:: Provided data ::

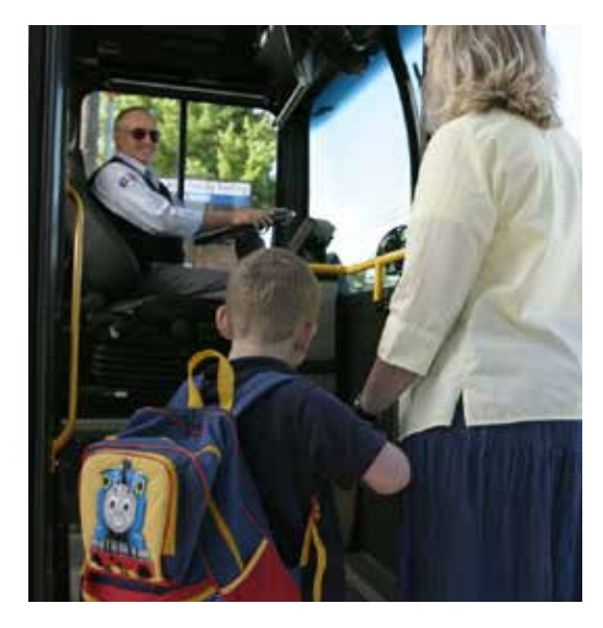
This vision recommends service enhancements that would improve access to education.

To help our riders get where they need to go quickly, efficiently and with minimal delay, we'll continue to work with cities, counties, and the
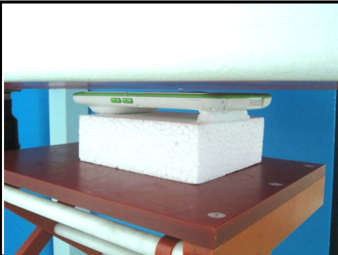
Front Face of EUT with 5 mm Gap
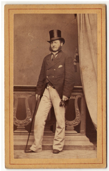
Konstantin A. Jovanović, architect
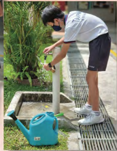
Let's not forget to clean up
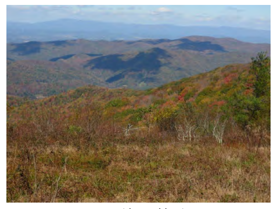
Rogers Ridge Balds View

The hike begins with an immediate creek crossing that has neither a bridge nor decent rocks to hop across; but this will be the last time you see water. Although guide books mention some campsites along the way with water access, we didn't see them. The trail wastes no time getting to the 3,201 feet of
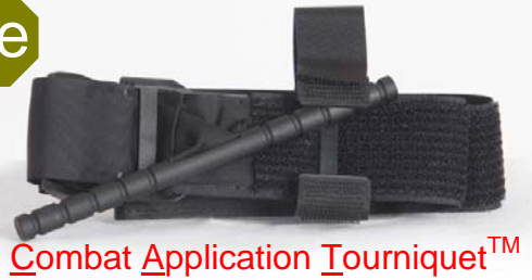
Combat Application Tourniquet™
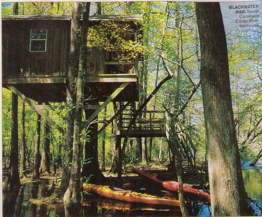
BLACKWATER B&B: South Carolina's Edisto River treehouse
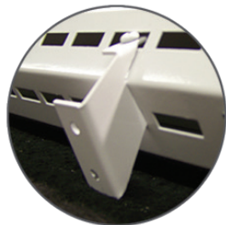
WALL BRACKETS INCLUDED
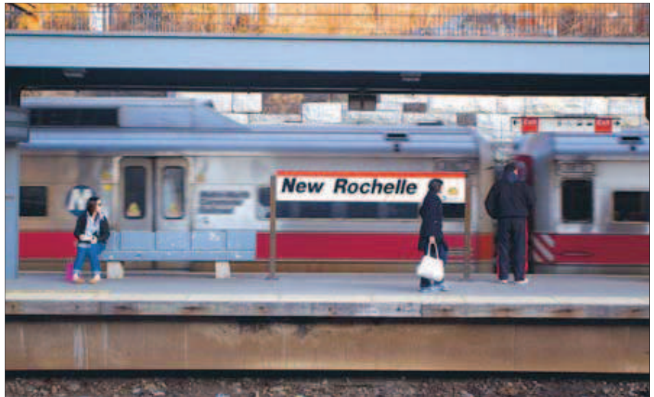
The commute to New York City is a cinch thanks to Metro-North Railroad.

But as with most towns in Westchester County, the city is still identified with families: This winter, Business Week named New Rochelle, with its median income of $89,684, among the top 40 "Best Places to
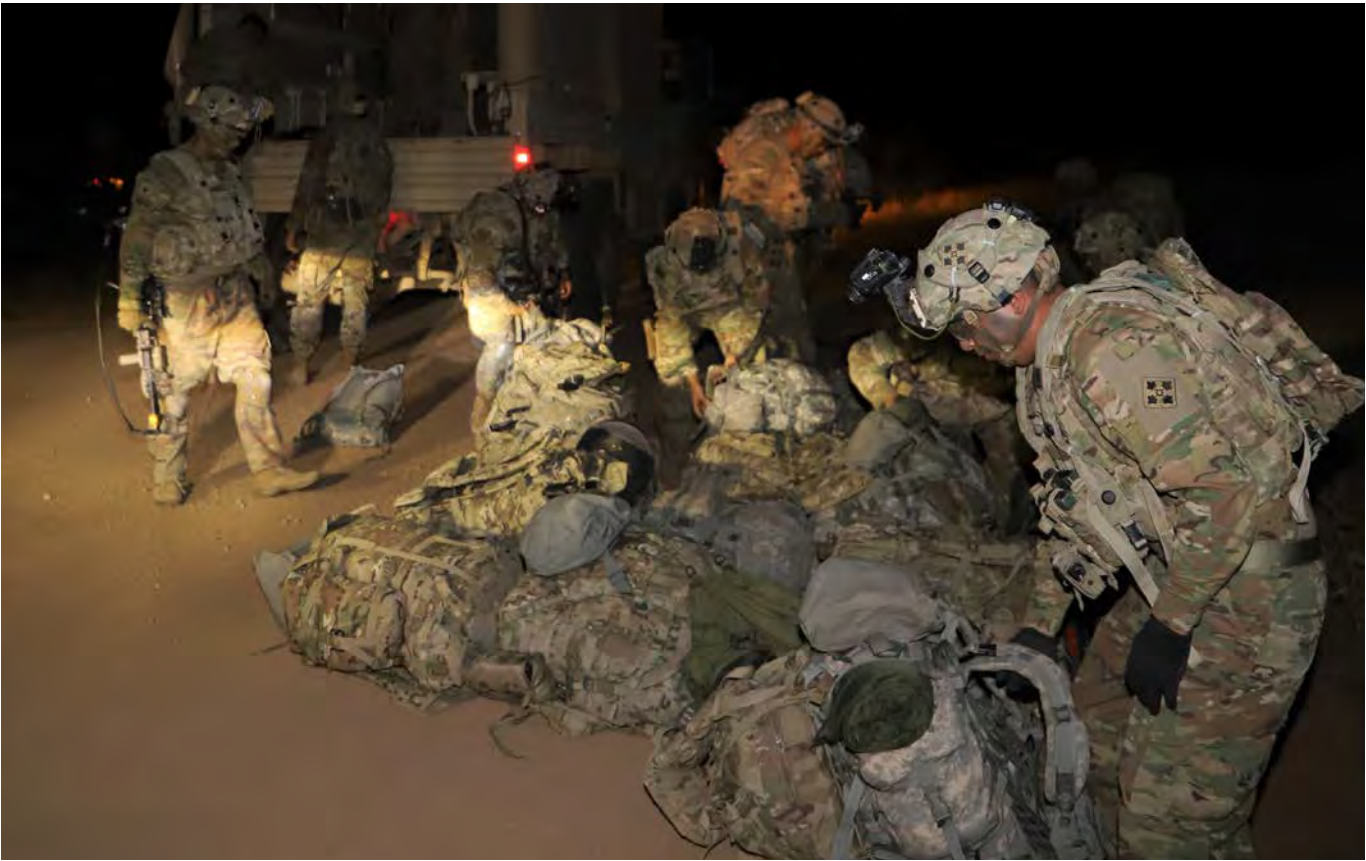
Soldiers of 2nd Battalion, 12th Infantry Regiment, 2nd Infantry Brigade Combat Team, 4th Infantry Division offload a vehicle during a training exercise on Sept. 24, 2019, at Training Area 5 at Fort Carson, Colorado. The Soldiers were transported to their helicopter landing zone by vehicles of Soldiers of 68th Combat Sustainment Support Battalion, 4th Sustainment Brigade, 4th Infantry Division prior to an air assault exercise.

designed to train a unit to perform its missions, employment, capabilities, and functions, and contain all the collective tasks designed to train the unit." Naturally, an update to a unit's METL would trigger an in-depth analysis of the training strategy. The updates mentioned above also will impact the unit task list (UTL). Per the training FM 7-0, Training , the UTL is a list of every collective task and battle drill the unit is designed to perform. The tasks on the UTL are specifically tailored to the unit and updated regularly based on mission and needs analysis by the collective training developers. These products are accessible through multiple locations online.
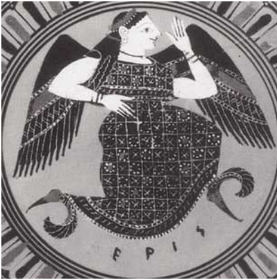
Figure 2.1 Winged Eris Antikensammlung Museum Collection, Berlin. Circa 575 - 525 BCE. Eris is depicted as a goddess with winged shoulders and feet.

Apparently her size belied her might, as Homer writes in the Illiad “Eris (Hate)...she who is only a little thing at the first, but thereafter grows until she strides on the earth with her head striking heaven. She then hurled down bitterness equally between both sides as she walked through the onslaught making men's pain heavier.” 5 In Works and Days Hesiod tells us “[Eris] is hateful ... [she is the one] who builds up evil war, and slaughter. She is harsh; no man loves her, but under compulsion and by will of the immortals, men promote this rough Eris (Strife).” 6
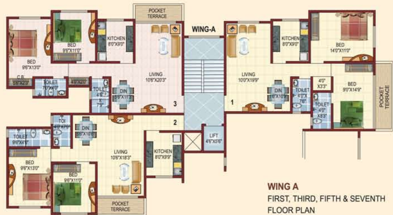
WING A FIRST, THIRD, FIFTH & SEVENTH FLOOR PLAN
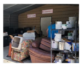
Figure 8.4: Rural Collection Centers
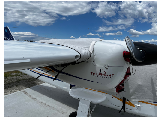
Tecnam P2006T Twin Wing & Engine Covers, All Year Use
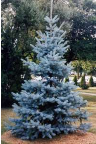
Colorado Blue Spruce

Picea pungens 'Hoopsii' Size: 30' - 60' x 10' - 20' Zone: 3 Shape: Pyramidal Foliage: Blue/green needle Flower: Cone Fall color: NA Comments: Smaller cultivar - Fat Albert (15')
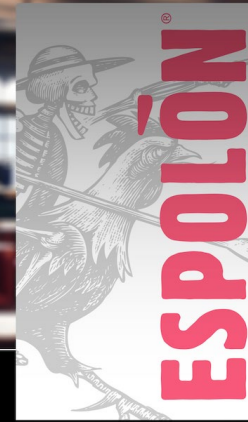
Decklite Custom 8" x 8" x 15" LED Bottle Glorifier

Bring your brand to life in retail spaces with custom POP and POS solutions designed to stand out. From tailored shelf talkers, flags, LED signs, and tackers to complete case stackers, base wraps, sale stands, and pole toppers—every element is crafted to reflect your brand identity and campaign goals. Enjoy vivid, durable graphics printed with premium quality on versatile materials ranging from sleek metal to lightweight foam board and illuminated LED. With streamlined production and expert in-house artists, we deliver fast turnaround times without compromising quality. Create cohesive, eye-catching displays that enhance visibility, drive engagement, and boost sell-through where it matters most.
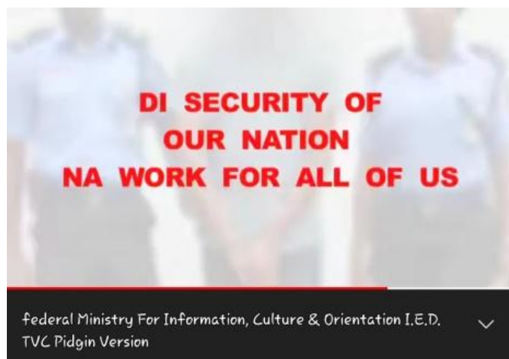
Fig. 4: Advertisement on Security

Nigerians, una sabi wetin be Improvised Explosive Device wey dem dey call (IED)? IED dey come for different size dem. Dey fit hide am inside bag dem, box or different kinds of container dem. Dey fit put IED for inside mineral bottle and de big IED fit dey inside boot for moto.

:: Work item ::
Reproduce the whole listing exactly, but not the images in it.

:: Expected answer ::
This vision recommends service enhancements that would improve access to education.

To help our riders get where they need to go quickly, efficiently and with minimal delay, we'll continue to work with cities, counties, and the
Front Face of EUT with 5 mm Gap
Konstantin A. Jovanović, architect
Let's not forget to clean up
Rogers Ridge Balds View

The hike begins with an immediate creek crossing that has neither a bridge nor decent rocks to hop across; but this will be the last time you see water. Although guide books mention some campsites along the way with water access, we didn't see them. The trail wastes no time getting to the 3,201 feet of
Combat Application Tourniquet™
BLACKWATER B&B: South Carolina's Edisto River treehouse
WALL BRACKETS INCLUDED
The commute to New York City is a cinch thanks to Metro-North Railroad.

But as with most towns in Westchester County, the city is still identified with families: This winter, Business Week named New Rochelle, with its median income of $89,684, among the top 40 "Best Places to
Soldiers of 2nd Battalion, 12th Infantry Regiment, 2nd Infantry Brigade Combat Team, 4th Infantry Division offload a vehicle during a training exercise on Sept. 24, 2019, at Training Area 5 at Fort Carson, Colorado. The Soldiers were transported to their helicopter landing zone by vehicles of Soldiers of 68th Combat Sustainment Support Battalion, 4th Sustainment Brigade, 4th Infantry Division prior to an air assault exercise.

designed to train a unit to perform its missions, employment, capabilities, and functions, and contain all the collective tasks designed to train the unit." Naturally, an update to a unit's METL would trigger an in-depth analysis of the training strategy. The updates mentioned above also will impact the unit task list (UTL). Per the training FM 7-0, Training , the UTL is a list of every collective task and battle drill the unit is designed to perform. The tasks on the UTL are specifically tailored to the unit and updated regularly based on mission and needs analysis by the collective training developers. These products are accessible through multiple locations online.
Figure 2.1 Winged Eris Antikensammlung Museum Collection, Berlin. Circa 575 - 525 BCE. Eris is depicted as a goddess with winged shoulders and feet.

Apparently her size belied her might, as Homer writes in the Illiad “Eris (Hate)...she who is only a little thing at the first, but thereafter grows until she strides on the earth with her head striking heaven. She then hurled down bitterness equally between both sides as she walked through the onslaught making men's pain heavier.” 5 In Works and Days Hesiod tells us “[Eris] is hateful ... [she is the one] who builds up evil war, and slaughter. She is harsh; no man loves her, but under compulsion and by will of the immortals, men promote this rough Eris (Strife).” 6
WING A FIRST, THIRD, FIFTH & SEVENTH FLOOR PLAN
Figure 8.4: Rural Collection Centers
Tecnam P2006T Twin Wing & Engine Covers, All Year Use
Colorado Blue Spruce

Picea pungens 'Hoopsii' Size: 30' - 60' x 10' - 20' Zone: 3 Shape: Pyramidal Foliage: Blue/green needle Flower: Cone Fall color: NA Comments: Smaller cultivar - Fat Albert (15')
Decklite Custom 8" x 8" x 15" LED Bottle Glorifier

Bring your brand to life in retail spaces with custom POP and POS solutions designed to stand out. From tailored shelf talkers, flags, LED signs, and tackers to complete case stackers, base wraps, sale stands, and pole toppers—every element is crafted to reflect your brand identity and campaign goals. Enjoy vivid, durable graphics printed with premium quality on versatile materials ranging from sleek metal to lightweight foam board and illuminated LED. With streamlined production and expert in-house artists, we deliver fast turnaround times without compromising quality. Create cohesive, eye-catching displays that enhance visibility, drive engagement, and boost sell-through where it matters most.
Fig. 4: Advertisement on Security

Nigerians, una sabi wetin be Improvised Explosive Device wey dem dey call (IED)? IED dey come for different size dem. Dey fit hide am inside bag dem, box or different kinds of container dem. Dey fit put IED for inside mineral bottle and de big IED fit dey inside boot for moto.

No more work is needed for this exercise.